> Task description
Omit all pictures and transcribe only the lines in the entries below that run from the line with "Противракетни систем новије" through the line with "Compteur de gaz".

[[ Material shown, beginning ]]

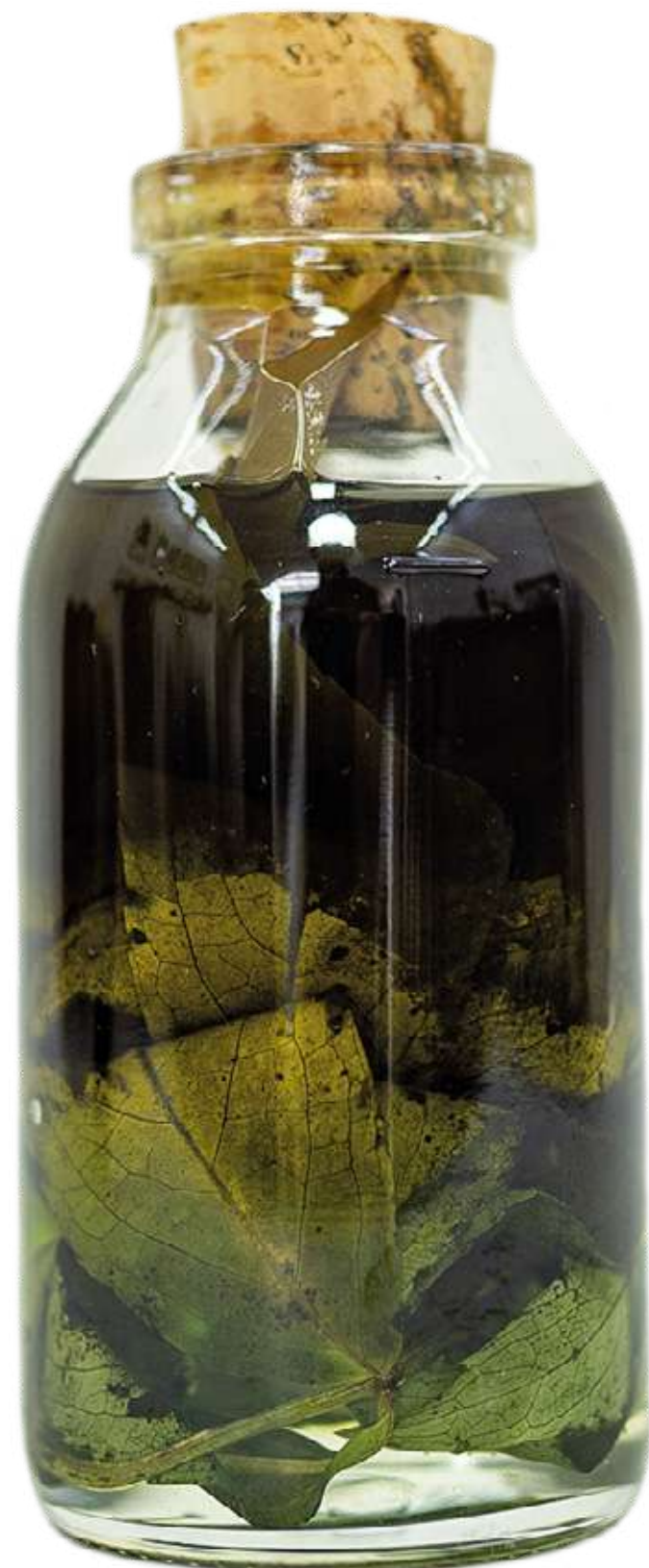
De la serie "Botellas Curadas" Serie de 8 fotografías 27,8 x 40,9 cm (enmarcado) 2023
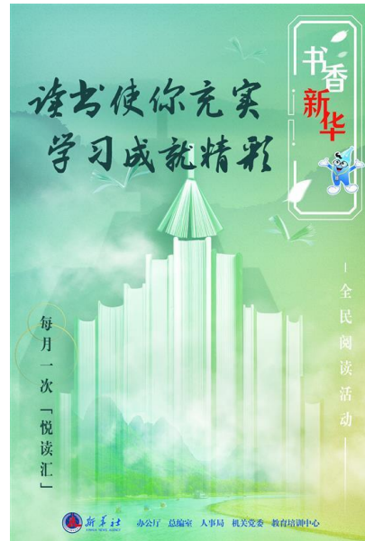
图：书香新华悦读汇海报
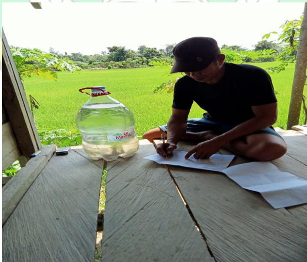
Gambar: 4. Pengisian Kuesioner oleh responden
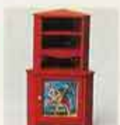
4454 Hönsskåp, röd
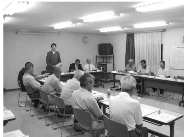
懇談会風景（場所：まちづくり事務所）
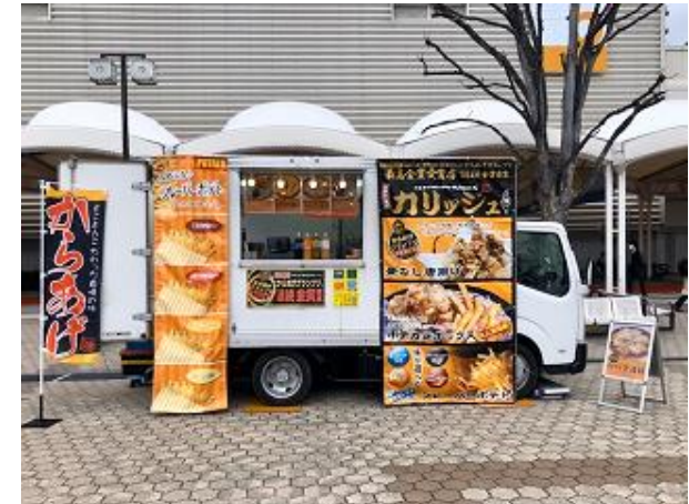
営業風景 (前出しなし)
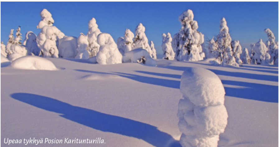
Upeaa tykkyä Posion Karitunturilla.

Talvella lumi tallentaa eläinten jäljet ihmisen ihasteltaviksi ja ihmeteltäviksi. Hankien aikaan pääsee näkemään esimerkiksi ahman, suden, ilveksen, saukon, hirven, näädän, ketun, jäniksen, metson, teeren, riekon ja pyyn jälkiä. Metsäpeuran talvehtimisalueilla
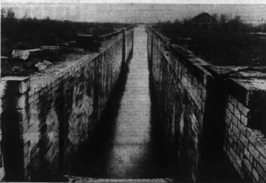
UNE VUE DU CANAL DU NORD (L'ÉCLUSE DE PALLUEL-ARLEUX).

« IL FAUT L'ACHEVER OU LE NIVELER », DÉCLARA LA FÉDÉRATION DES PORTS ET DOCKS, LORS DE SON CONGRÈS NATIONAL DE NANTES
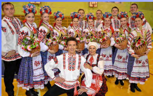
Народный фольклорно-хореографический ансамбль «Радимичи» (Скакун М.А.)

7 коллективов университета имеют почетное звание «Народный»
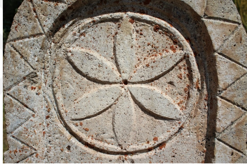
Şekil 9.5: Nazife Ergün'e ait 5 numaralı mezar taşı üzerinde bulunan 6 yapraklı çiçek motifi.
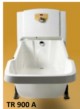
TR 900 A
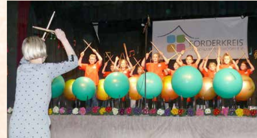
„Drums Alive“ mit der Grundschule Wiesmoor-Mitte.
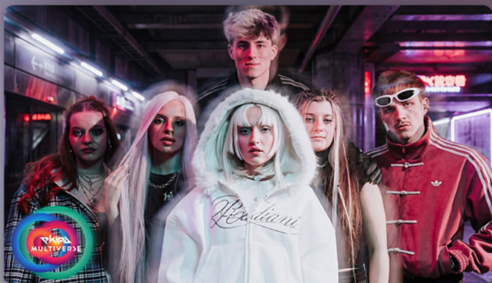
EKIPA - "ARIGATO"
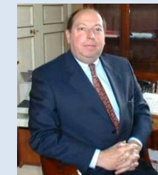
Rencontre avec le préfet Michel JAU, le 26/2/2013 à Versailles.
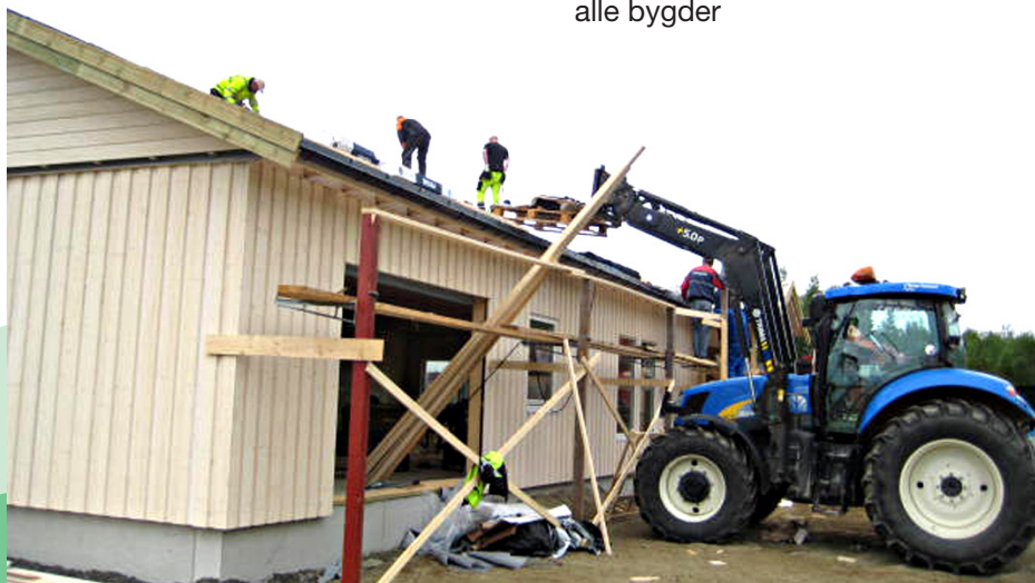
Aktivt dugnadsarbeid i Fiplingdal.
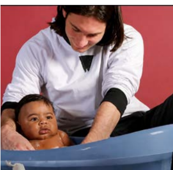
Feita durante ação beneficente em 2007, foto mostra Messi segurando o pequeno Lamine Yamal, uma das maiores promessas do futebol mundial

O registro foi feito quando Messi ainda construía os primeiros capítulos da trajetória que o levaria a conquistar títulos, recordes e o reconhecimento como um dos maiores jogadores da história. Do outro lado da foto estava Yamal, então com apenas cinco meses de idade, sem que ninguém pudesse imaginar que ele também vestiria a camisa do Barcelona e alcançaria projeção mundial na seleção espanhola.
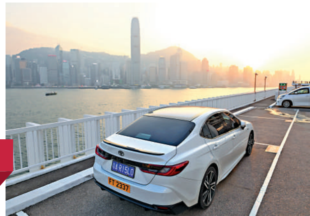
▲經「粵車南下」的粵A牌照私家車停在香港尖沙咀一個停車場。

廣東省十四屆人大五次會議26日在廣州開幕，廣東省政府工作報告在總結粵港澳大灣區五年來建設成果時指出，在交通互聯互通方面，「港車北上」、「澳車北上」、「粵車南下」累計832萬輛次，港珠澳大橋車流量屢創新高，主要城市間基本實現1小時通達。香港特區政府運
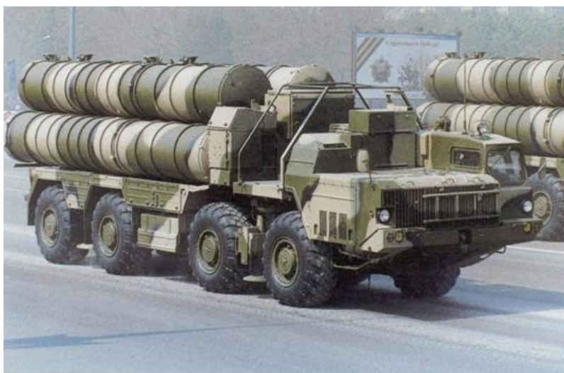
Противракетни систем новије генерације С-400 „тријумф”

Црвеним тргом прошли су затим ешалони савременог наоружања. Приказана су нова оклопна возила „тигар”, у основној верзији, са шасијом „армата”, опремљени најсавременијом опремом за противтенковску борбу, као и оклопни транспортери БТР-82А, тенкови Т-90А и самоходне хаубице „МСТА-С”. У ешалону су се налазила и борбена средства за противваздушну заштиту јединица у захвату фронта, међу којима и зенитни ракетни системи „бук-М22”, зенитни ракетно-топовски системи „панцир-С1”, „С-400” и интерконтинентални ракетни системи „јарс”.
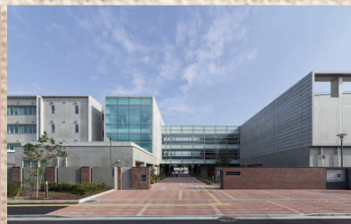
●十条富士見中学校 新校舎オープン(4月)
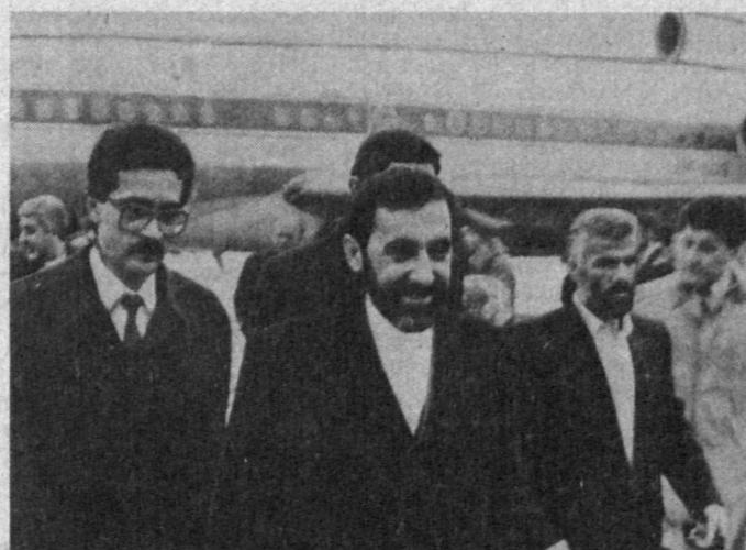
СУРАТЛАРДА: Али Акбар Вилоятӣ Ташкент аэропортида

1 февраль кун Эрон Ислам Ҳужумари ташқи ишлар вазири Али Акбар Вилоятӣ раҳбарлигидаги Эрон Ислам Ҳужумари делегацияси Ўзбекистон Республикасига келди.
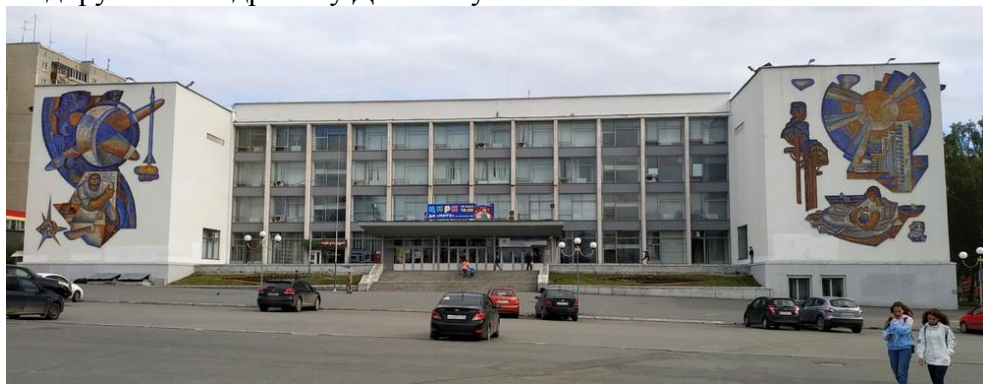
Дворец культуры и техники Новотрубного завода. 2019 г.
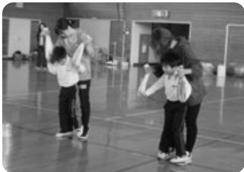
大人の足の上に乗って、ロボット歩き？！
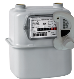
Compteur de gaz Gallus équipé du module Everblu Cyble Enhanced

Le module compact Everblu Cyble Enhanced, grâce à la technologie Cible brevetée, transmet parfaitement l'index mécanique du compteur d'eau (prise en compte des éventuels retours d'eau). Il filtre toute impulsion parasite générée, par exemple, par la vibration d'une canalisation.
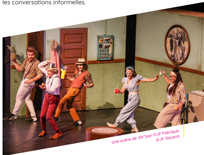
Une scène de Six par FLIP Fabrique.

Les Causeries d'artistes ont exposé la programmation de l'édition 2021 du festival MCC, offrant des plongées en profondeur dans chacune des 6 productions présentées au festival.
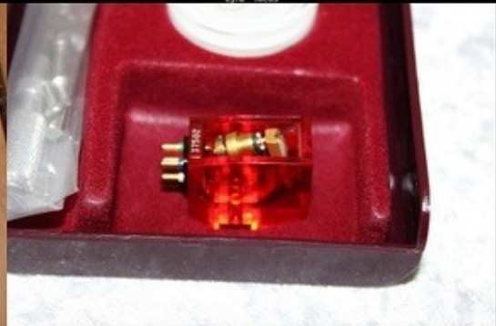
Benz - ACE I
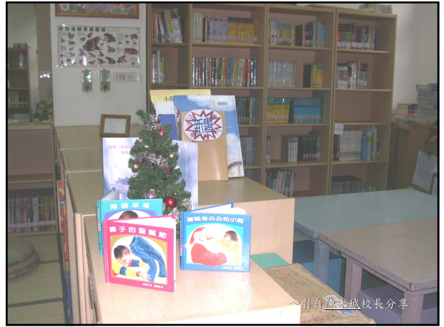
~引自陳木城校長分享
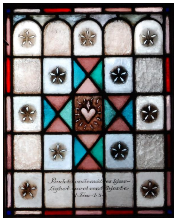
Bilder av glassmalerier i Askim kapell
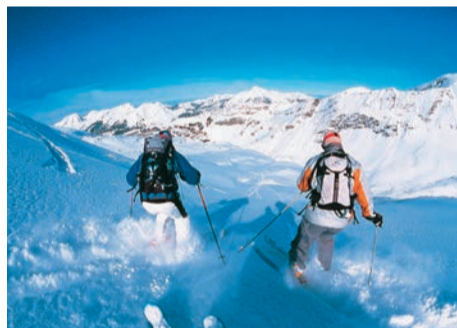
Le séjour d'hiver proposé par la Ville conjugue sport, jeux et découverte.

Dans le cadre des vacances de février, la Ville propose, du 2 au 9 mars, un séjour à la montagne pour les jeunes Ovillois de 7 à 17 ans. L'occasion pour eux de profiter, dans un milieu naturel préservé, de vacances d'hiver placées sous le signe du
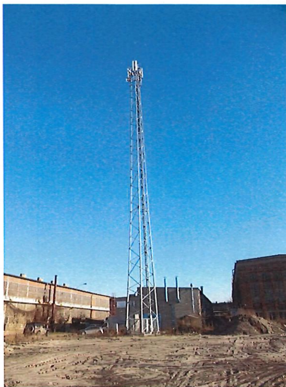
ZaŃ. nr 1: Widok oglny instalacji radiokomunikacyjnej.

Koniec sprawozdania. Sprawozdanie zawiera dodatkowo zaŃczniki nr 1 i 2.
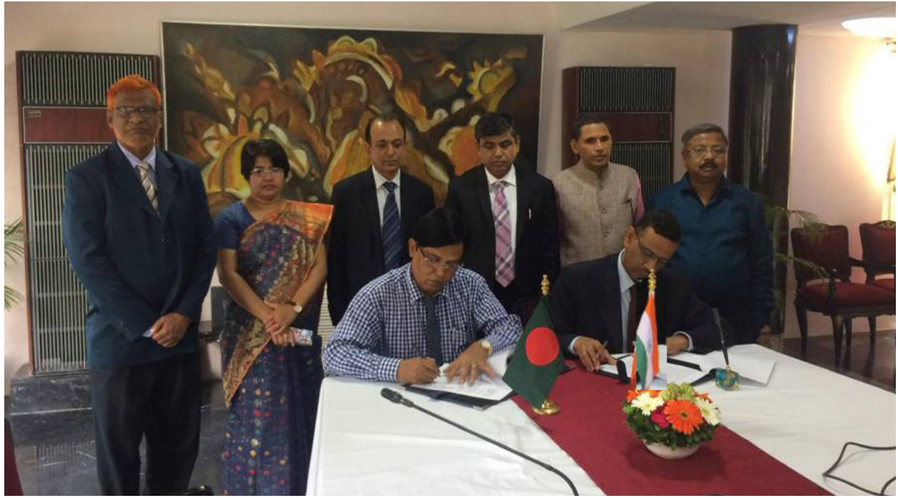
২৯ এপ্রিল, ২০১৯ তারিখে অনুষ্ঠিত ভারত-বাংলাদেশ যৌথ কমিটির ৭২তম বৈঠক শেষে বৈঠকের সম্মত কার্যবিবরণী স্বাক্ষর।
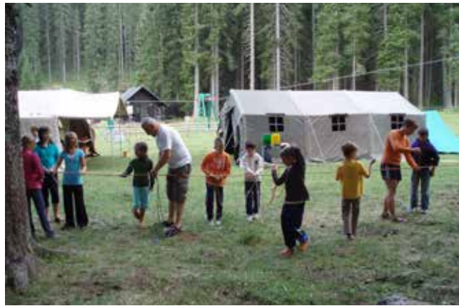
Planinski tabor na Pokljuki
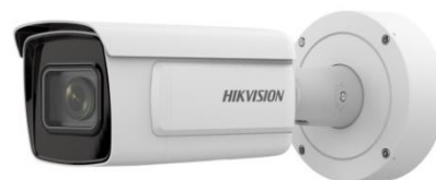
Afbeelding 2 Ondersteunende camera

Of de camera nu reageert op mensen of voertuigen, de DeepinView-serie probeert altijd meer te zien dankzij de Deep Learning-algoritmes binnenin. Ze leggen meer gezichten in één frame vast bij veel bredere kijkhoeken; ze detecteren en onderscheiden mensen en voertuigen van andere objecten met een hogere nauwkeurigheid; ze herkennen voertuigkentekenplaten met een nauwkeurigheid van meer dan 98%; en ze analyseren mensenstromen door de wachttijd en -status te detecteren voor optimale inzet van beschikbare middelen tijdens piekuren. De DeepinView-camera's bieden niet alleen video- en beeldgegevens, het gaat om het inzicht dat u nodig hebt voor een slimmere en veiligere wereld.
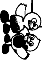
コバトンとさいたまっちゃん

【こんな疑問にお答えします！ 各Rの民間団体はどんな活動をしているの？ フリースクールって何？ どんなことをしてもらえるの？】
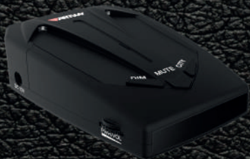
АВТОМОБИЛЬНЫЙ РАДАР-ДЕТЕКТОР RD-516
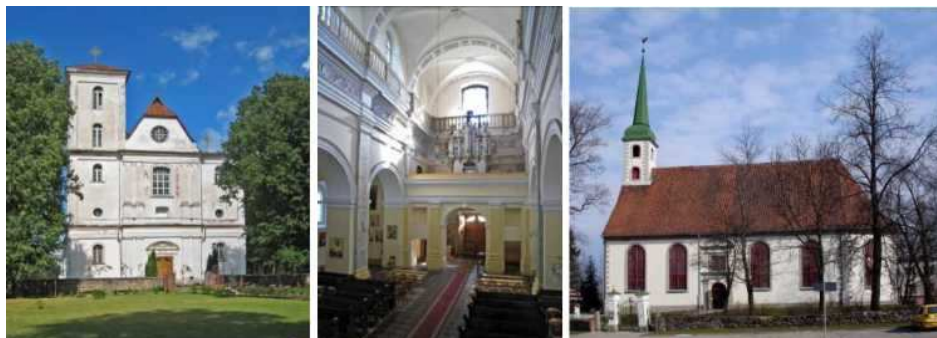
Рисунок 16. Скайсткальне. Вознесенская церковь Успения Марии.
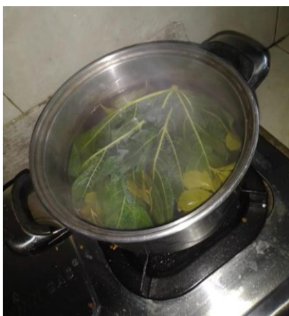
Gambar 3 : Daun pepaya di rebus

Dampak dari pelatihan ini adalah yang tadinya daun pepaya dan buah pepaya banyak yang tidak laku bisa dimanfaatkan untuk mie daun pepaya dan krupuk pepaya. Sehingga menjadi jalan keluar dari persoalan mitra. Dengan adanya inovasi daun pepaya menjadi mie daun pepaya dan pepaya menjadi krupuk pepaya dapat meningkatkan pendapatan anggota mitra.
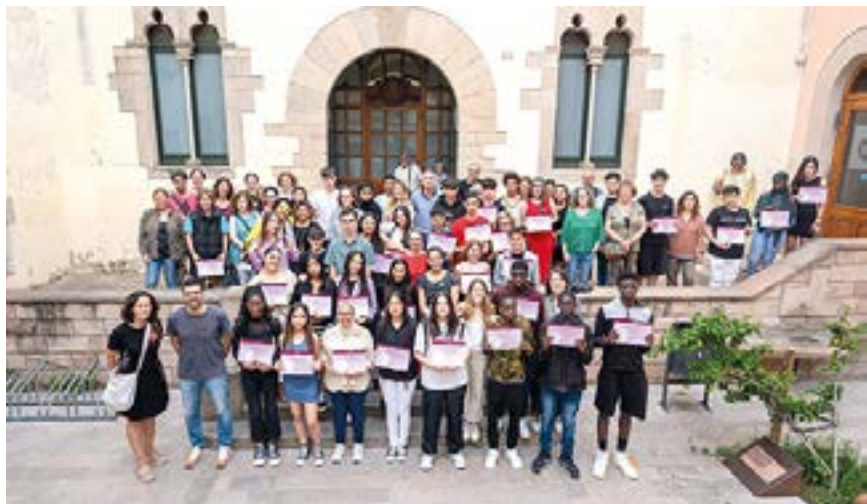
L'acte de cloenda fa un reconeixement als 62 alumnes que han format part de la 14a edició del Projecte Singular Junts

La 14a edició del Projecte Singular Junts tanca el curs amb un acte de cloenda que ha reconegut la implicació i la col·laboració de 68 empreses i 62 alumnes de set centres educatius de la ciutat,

[[ Material shown, end ]]

> Result for this exercise
Противракетни систем новије генерације С-400 „тријумф”

Црвеним тргом прошли су затим ешалони савременог наоружања. Приказана су нова оклопна возила „тигар”, у основној верзији, са шасијом „армата”, опремљени најсавременијом опремом за противтенковску борбу, као и оклопни транспортери БТР-82А, тенкови Т-90А и самоходне хаубице „МСТА-С”. У ешалону су се налазила и борбена средства за противваздушну заштиту јединица у захвату фронта, међу којима и зенитни ракетни системи „бук-М22”, зенитни ракетно-топовски системи „панцир-С1”, „С-400” и интерконтинентални ракетни системи „јарс”.
●十条富士見中学校 新校舎オープン(4月)
СУРАТЛАРДА: Али Акбар Вилоятӣ Ташкент аэропортида

1 февраль кун Эрон Ислам Ҳужумари ташқи ишлар вазири Али Акбар Вилоятӣ раҳбарлигидаги Эрон Ислам Ҳужумари делегацияси Ўзбекистон Республикасига келди.
Дворец культуры и техники Новотрубного завода. 2019 г.
大人の足の上に乗って、ロボット歩き？！
Compteur de gaz Gallus équipé du module Everblu Cyble Enhanced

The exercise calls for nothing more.